## YOUR OBJECTIVE
In this exercise, print only the lines from the line with "大连重工融资融券信息显示,融" to the last line of the data below, inclusive. Any pictures should be left out.

####

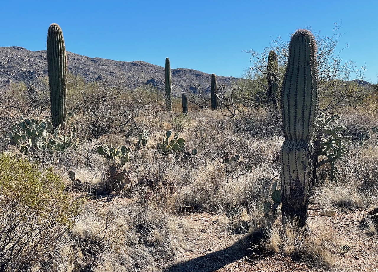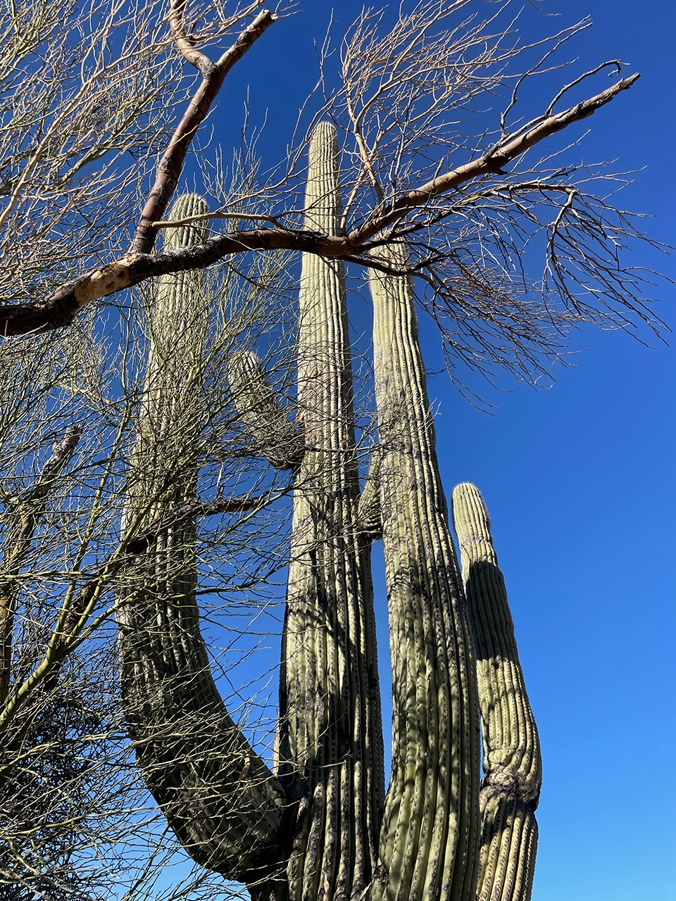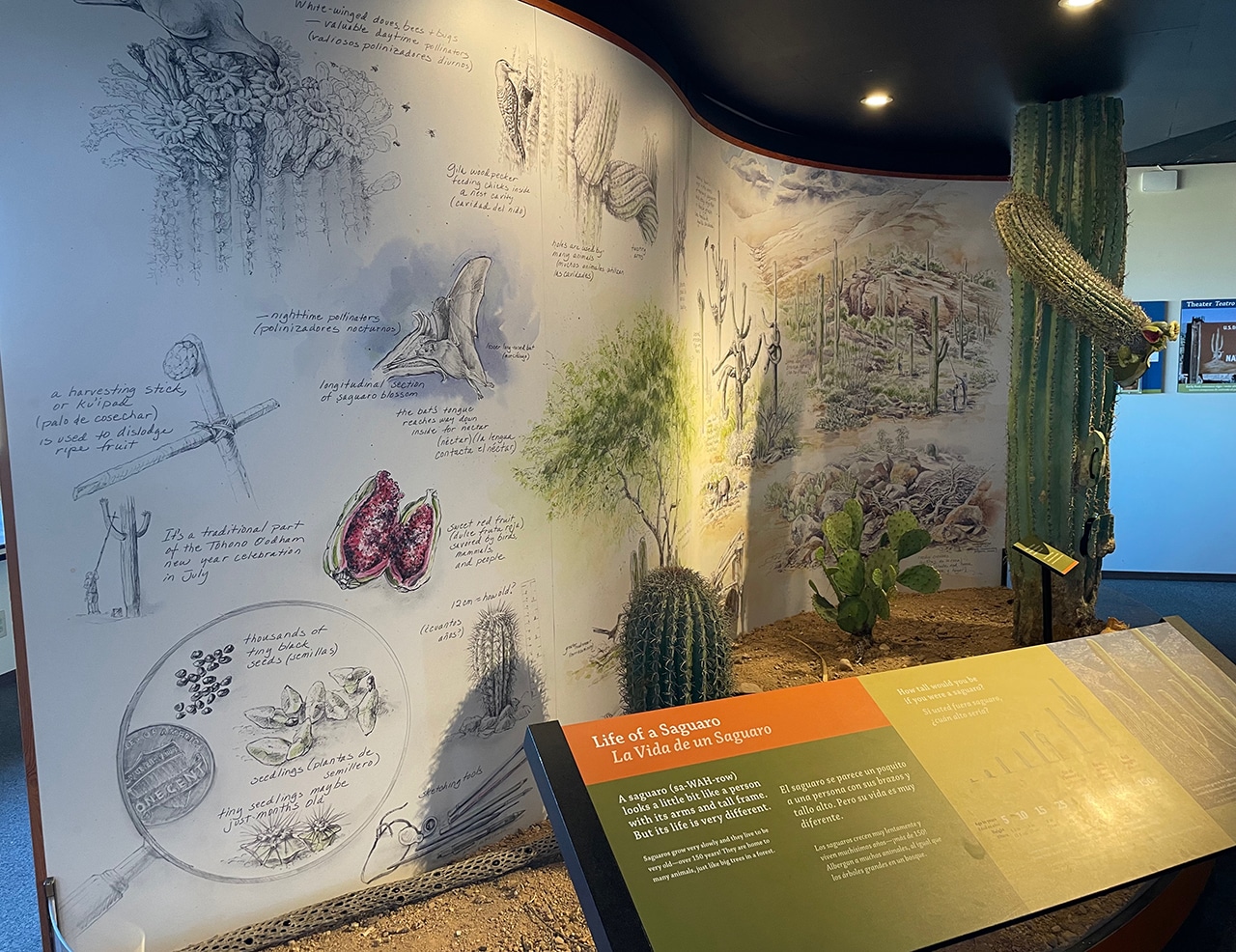 Today we revisited the Rincon Mountain District (the eastern side), since the entrance was only six minutes from home. Although the scenic loop is only eight miles long, it takes a while at 25-mph with lots of stops for views and a trail or two. We walked the Desert Ecology Trail and thoroughly enjoyed the Visitor Center which we didn’t see last time. We learned more about the cacti and the critters that inhabit this prickly place.
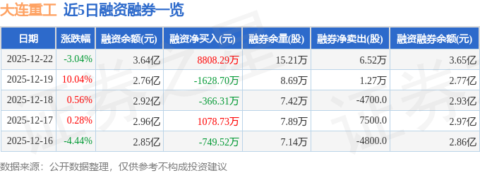 大连重工融资融券信息显示,融资方面,当日融资买入1.63亿元,融资偿还7488.26万元,融资净买入8808.29万元。融券方面,融券卖出6.72万股,融券偿还2000.0股,融券余量15.21万股,融券余额116.36万元。融资融券余额3.65亿元。
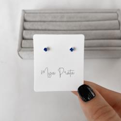 Brinco zircônia redonda azul bic 3mm | Mya Prata
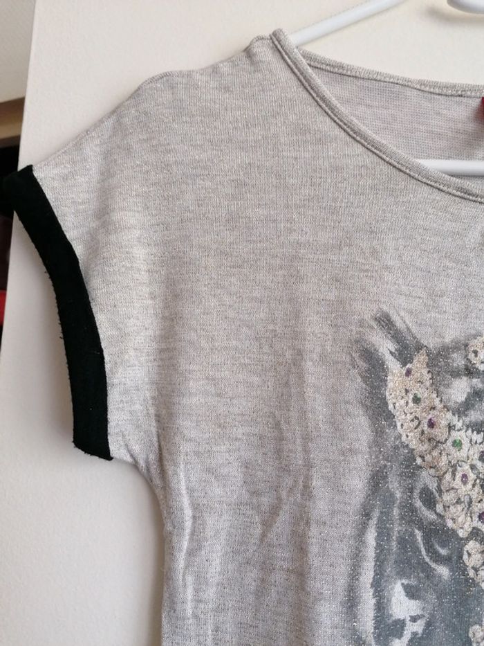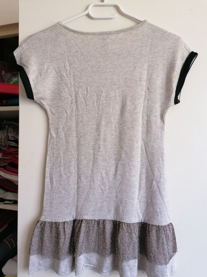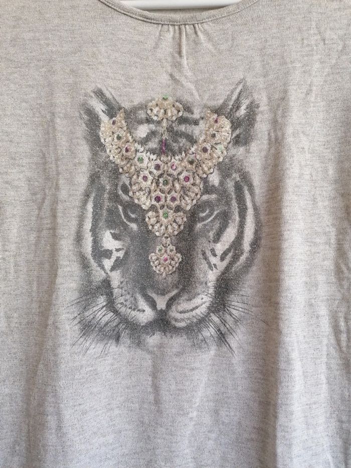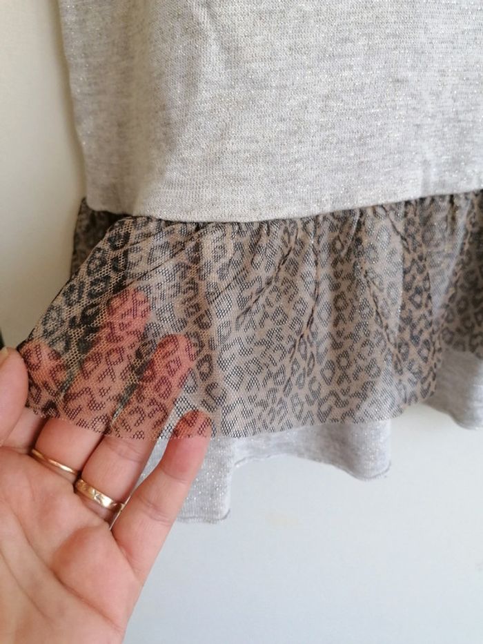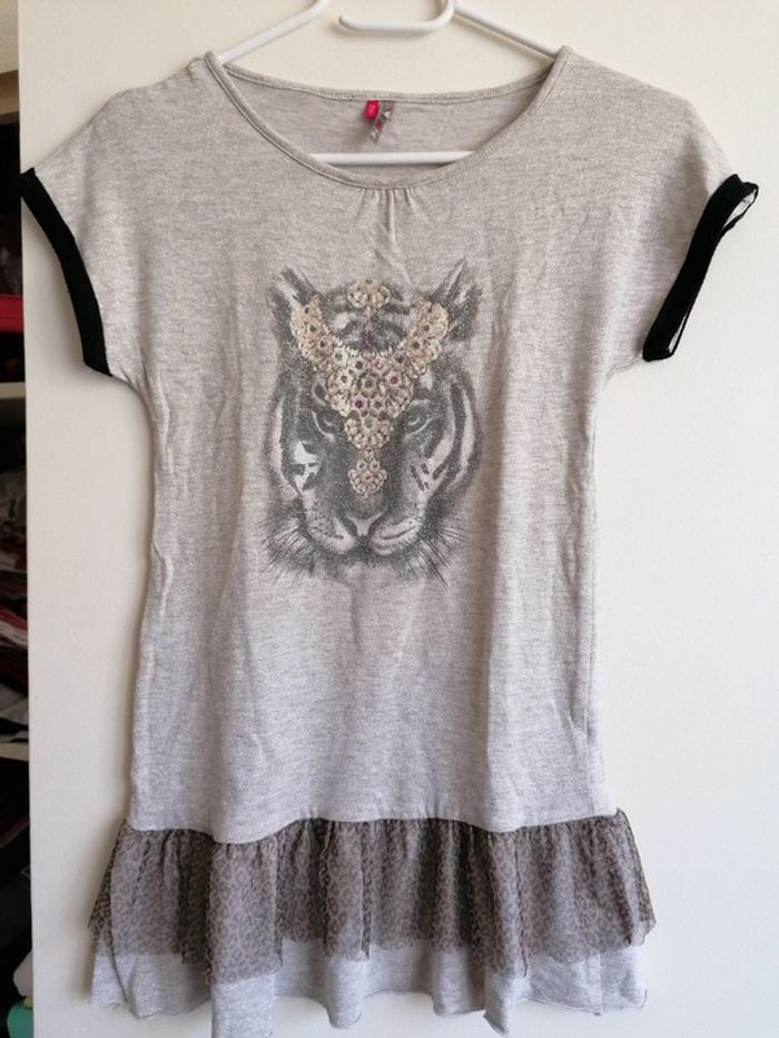 🌺 12 ans 🌺 Orchestra 🌺 Tunique manches courtes imprimé tête de tigre 🐯🐯, volants sur le bas, fond gris pailleté doré #doudou19230_12ansfille
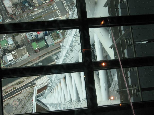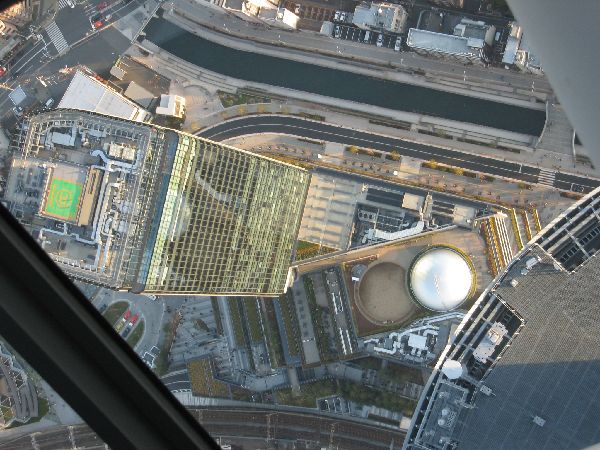 450mの展望台から上から下を見下ろす。右端が350mの展望台。左側はイーストタワー。その間の白い丸はプラネタリウムの屋根。

####

## ANSWER AREA
 大连重工融资融券信息显示,融资方面,当日融资买入1.63亿元,融资偿还7488.26万元,融资净买入8808.29万元。融券方面,融券卖出6.72万股,融券偿还2000.0股,融券余量15.21万股,融券余额116.36万元。融资融券余额3.65亿元。
 Brinco zircônia redonda azul bic 3mm | Mya Prata
 🌺 12 ans 🌺 Orchestra 🌺 Tunique manches courtes imprimé tête de tigre 🐯🐯, volants sur le bas, fond gris pailleté doré #doudou19230_12ansfille
 450mの展望台から上から下を見下ろす。右端が350mの展望台。左側はイーストタワー。その間の白い丸はプラネタリウムの屋根。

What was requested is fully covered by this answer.